Start of Information provided
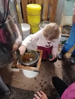 Anschließend durften die Kinder selbst Hand anlegen und die Propolis von den Waben kratzen. Der weiße Belag auf den Waben wird als „Propolis“ bezeichnet und wird von den Bienen produziert. Propolis besteht aus Harzen, Pollen und Wachs und dient den Bienen dazu, den Bienenstock abzudichten und vor Krankheiten zu schützen. Nachdem die Waben von den Kindern gereinigt waren, durften sie helfen, die Waben in die Schleudermaschine zu stecken. Mit strahlenden Augen beobachteten sie, wie der Honig aus den Waben geschleudert wurde und in einen Behälter floss.
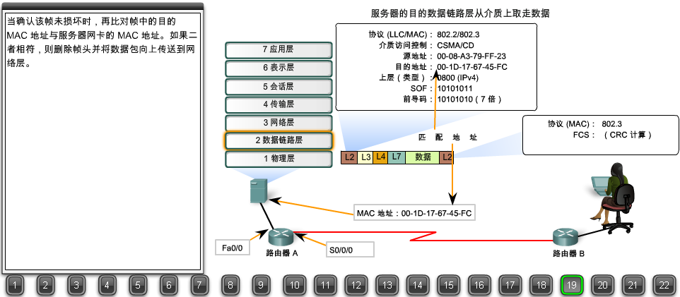 19. 当确认该帧未损坏时,再比对帧中的目的MAC地址与服务器网卡的MAC地址。如果二者相符,则删除帧头并将数据包向上传送到网络层。
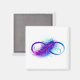 Infinity symbol with a beautiful feather painted in purple and blue bright colours on white background.
End of Information provided
## Your instructions:
Since only the text is needed, retype the data above exactly and omit the pictures.

## Response area:
 Anschließend durften die Kinder selbst Hand anlegen und die Propolis von den Waben kratzen. Der weiße Belag auf den Waben wird als „Propolis“ bezeichnet und wird von den Bienen produziert. Propolis besteht aus Harzen, Pollen und Wachs und dient den Bienen dazu, den Bienenstock abzudichten und vor Krankheiten zu schützen. Nachdem die Waben von den Kindern gereinigt waren, durften sie helfen, die Waben in die Schleudermaschine zu stecken. Mit strahlenden Augen beobachteten sie, wie der Honig aus den Waben geschleudert wurde und in einen Behälter floss.
 19. 当确认该帧未损坏时,再比对帧中的目的MAC地址与服务器网卡的MAC地址。如果二者相符,则删除帧头并将数据包向上传送到网络层。
 Infinity symbol with a beautiful feather painted in purple and blue bright colours on white background.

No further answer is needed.